Exercise objective: Keep the images out while you set down the data exactly.

Given data:
------------
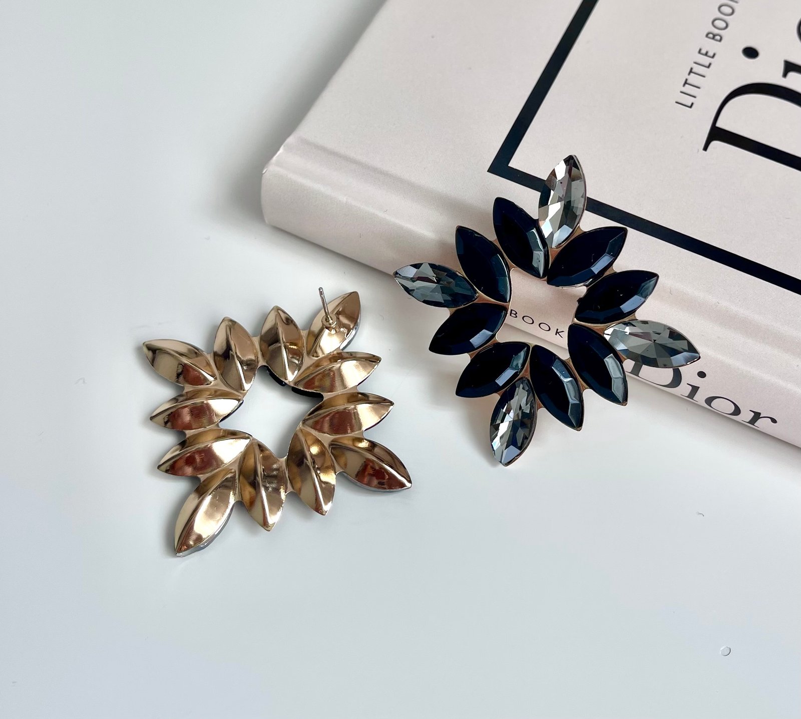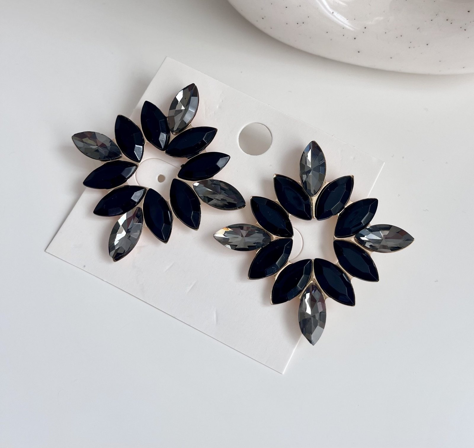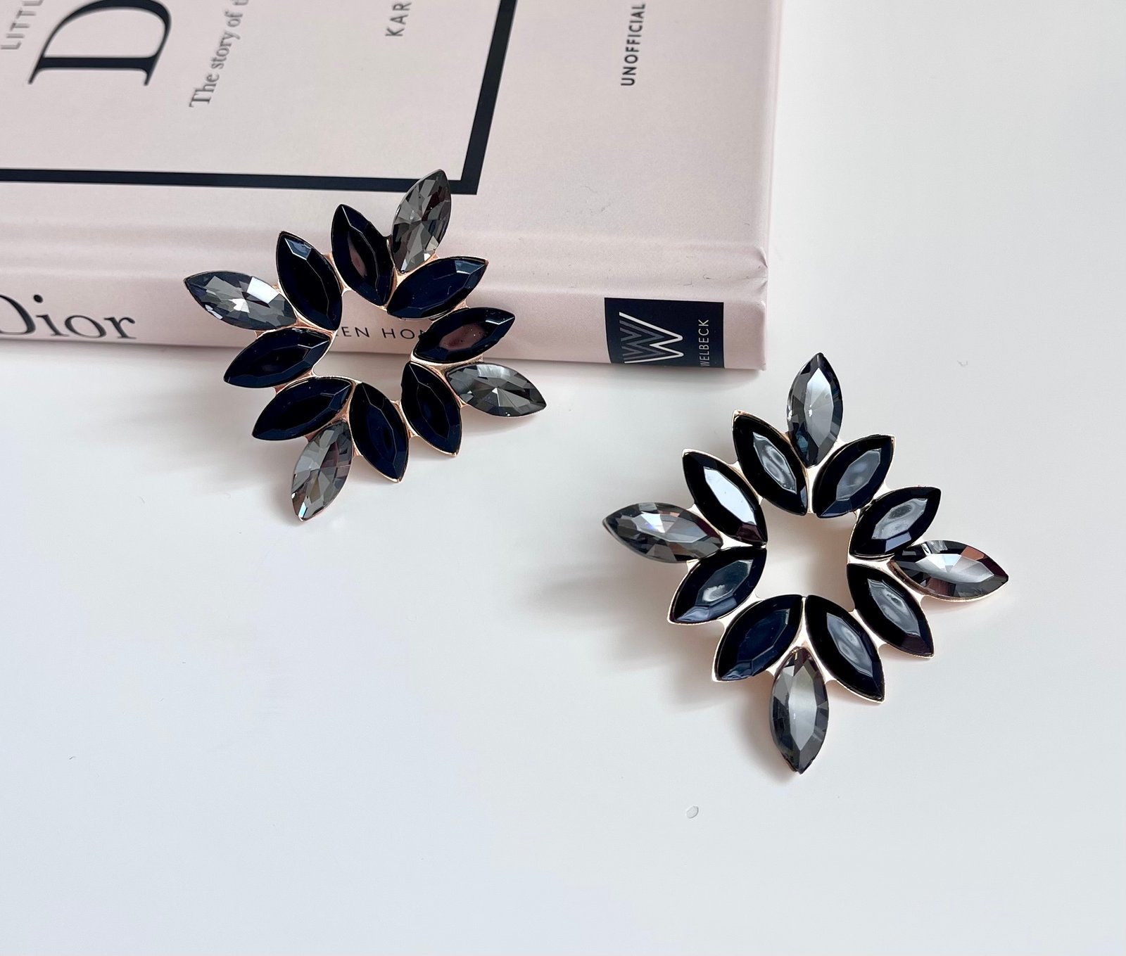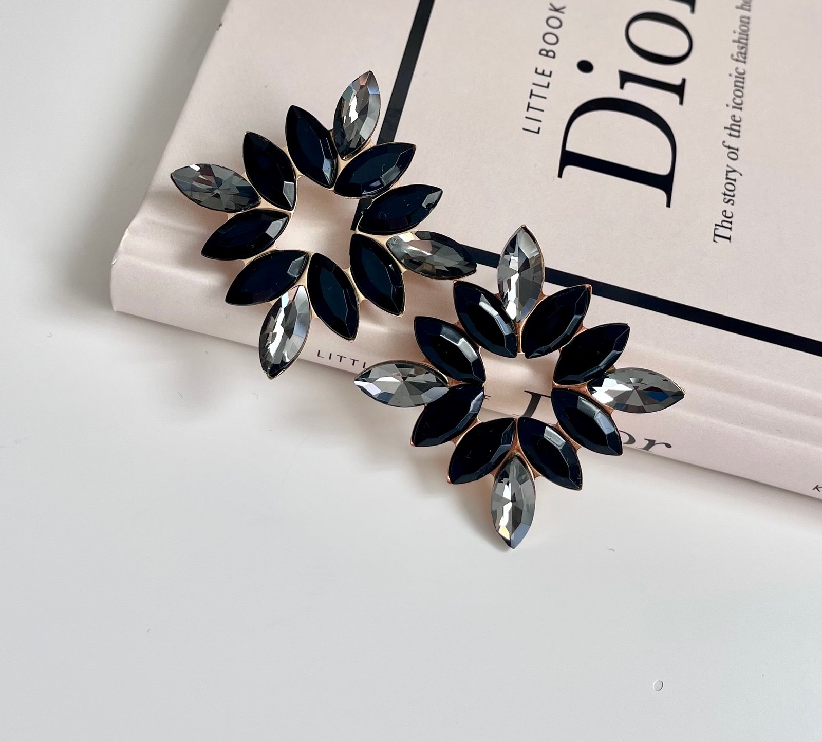 Луксозни обеци с кристали в черно и прозрачно черно. Основата е в златисто Обеците са леки за носене Размер: 5,2 см Закопчаване с винтче
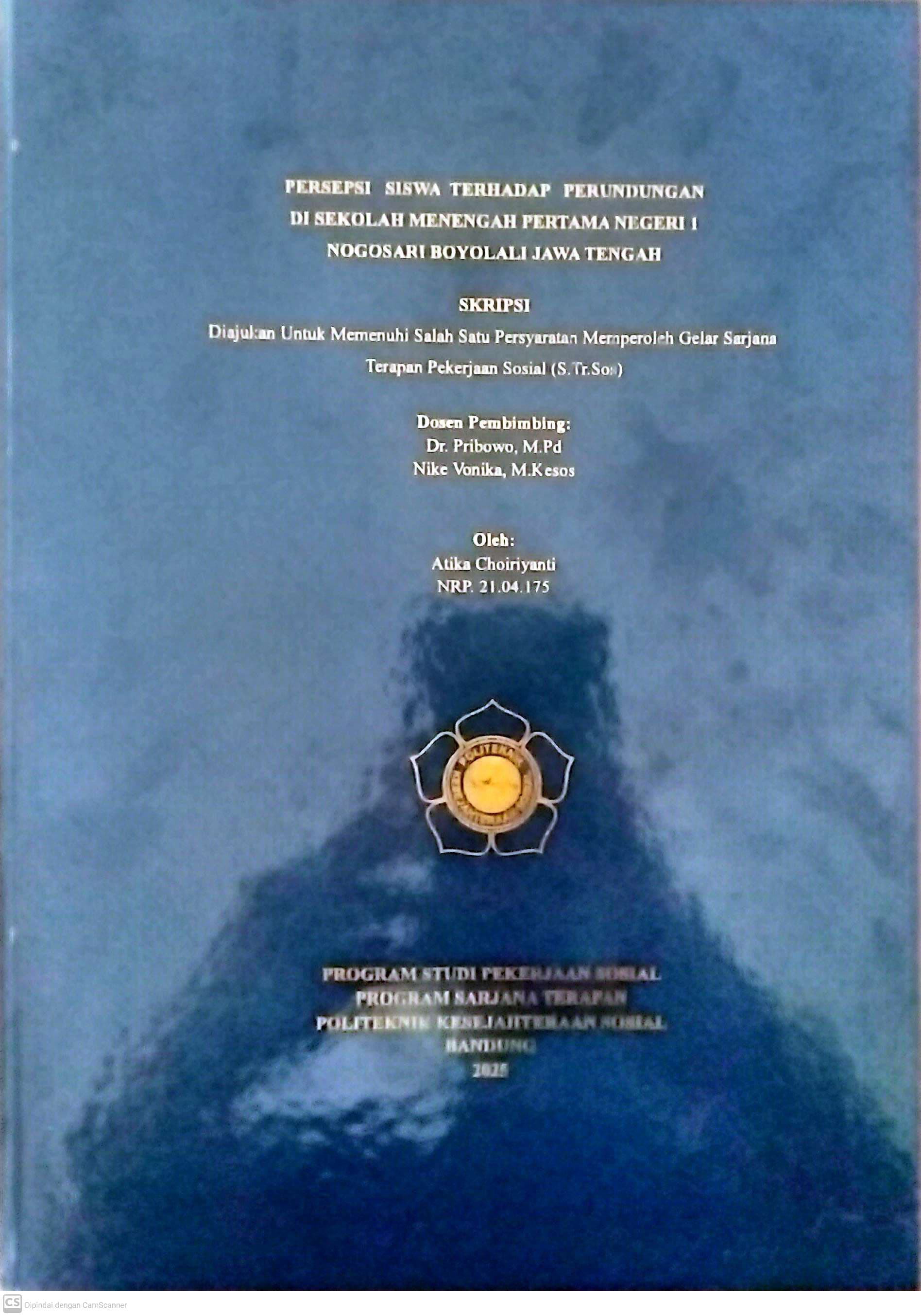 Atika Choiriyanti, NRP. 21.04.175. Persepsi Siswa Terhadap Perundungan di SMP Negeri 1 Nogosari Kabupaten Boyolali. Dibimbing oleh PRIBOWO dan NIKE VONIKA.
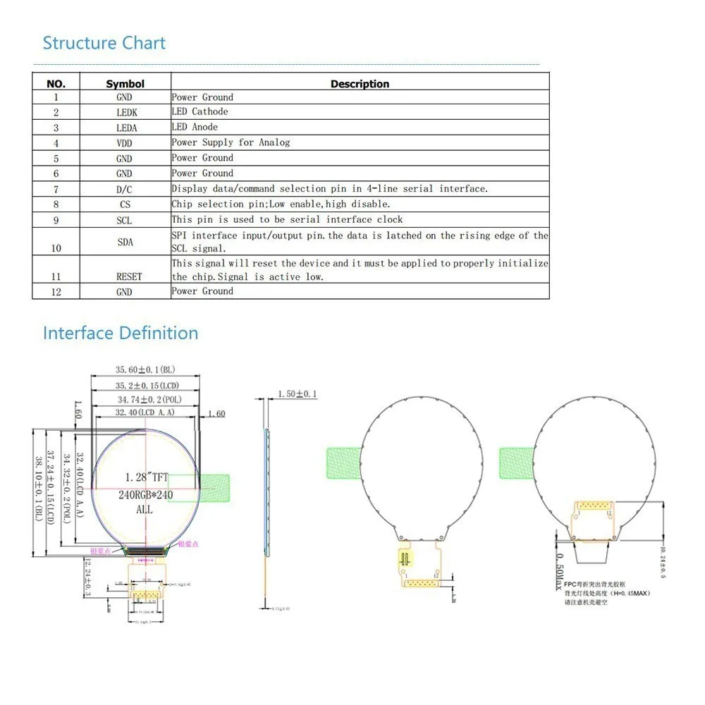 Descripción:- Es una pantalla LCD IPS de 1,28 pulgadas 240*240.
------------
Answer section:
 Луксозни обеци с кристали в черно и прозрачно черно. Основата е в златисто Обеците са леки за носене Размер: 5,2 см Закопчаване с винтче
 Atika Choiriyanti, NRP. 21.04.175. Persepsi Siswa Terhadap Perundungan di SMP Negeri 1 Nogosari Kabupaten Boyolali. Dibimbing oleh PRIBOWO dan NIKE VONIKA.
 Descripción:- Es una pantalla LCD IPS de 1,28 pulgadas 240*240.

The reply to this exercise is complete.